▶ WHAT TO WORK ON
Each line that has the string "chǎn" must be copied from the records below.

▶ DATASET ENTRIES
_ _ _
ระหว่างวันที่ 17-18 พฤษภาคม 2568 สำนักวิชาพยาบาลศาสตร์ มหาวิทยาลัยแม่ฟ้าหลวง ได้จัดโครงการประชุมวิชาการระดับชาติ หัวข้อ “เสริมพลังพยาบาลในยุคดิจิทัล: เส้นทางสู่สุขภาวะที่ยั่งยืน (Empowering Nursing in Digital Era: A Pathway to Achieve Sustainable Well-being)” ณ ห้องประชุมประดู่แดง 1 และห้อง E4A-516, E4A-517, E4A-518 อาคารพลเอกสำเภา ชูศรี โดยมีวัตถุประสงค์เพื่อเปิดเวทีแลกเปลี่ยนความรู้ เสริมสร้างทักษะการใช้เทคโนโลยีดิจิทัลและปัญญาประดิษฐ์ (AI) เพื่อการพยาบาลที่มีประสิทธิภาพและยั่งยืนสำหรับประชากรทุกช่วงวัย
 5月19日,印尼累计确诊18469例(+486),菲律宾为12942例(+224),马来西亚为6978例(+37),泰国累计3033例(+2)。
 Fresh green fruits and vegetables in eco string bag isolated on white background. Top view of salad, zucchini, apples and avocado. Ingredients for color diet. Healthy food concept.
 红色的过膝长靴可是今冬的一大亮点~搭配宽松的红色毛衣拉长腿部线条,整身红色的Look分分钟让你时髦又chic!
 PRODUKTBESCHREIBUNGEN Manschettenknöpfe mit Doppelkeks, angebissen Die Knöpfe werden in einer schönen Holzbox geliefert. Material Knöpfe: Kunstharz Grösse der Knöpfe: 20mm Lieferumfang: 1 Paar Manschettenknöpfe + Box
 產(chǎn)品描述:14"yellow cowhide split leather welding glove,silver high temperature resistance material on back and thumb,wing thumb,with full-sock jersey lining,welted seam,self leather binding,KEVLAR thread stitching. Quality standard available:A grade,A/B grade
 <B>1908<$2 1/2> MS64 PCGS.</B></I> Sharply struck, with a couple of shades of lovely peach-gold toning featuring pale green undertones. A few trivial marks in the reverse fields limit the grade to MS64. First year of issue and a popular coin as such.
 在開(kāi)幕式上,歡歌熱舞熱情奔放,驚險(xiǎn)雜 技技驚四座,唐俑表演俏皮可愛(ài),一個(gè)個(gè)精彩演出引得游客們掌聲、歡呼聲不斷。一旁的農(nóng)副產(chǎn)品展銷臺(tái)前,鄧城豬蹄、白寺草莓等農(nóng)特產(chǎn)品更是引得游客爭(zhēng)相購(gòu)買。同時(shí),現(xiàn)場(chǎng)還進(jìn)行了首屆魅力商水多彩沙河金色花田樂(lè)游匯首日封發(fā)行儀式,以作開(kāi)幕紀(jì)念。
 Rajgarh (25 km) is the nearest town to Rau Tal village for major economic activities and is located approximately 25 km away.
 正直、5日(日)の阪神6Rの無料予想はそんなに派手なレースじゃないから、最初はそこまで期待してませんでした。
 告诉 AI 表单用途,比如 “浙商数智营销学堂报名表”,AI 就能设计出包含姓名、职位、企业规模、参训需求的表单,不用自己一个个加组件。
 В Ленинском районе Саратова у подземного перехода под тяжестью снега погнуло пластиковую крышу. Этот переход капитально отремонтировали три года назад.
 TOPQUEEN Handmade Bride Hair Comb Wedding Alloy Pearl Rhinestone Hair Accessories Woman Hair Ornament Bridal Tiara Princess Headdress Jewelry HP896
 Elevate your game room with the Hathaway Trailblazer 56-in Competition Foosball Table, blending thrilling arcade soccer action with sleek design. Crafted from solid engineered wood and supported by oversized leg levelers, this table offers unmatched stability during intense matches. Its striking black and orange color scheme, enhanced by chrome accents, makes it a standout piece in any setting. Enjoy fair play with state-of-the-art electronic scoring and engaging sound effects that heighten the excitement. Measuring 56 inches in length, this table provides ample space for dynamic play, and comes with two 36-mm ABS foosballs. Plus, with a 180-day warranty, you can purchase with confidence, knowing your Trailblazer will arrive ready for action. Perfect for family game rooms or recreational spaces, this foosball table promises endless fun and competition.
_ _ _
▶ SOLUTION TO THE EXERCISE
 產(chǎn)品描述:14"yellow cowhide split leather welding glove,silver high temperature resistance material on back and thumb,wing thumb,with full-sock jersey lining,welted seam,self leather binding,KEVLAR thread stitching. Quality standard available:A grade,A/B grade
 在開(kāi)幕式上,歡歌熱舞熱情奔放,驚險(xiǎn)雜 技技驚四座,唐俑表演俏皮可愛(ài),一個(gè)個(gè)精彩演出引得游客們掌聲、歡呼聲不斷。一旁的農(nóng)副產(chǎn)品展銷臺(tái)前,鄧城豬蹄、白寺草莓等農(nóng)特產(chǎn)品更是引得游客爭(zhēng)相購(gòu)買。同時(shí),現(xiàn)場(chǎng)還進(jìn)行了首屆魅力商水多彩沙河金色花田樂(lè)游匯首日封發(fā)行儀式,以作開(kāi)幕紀(jì)念。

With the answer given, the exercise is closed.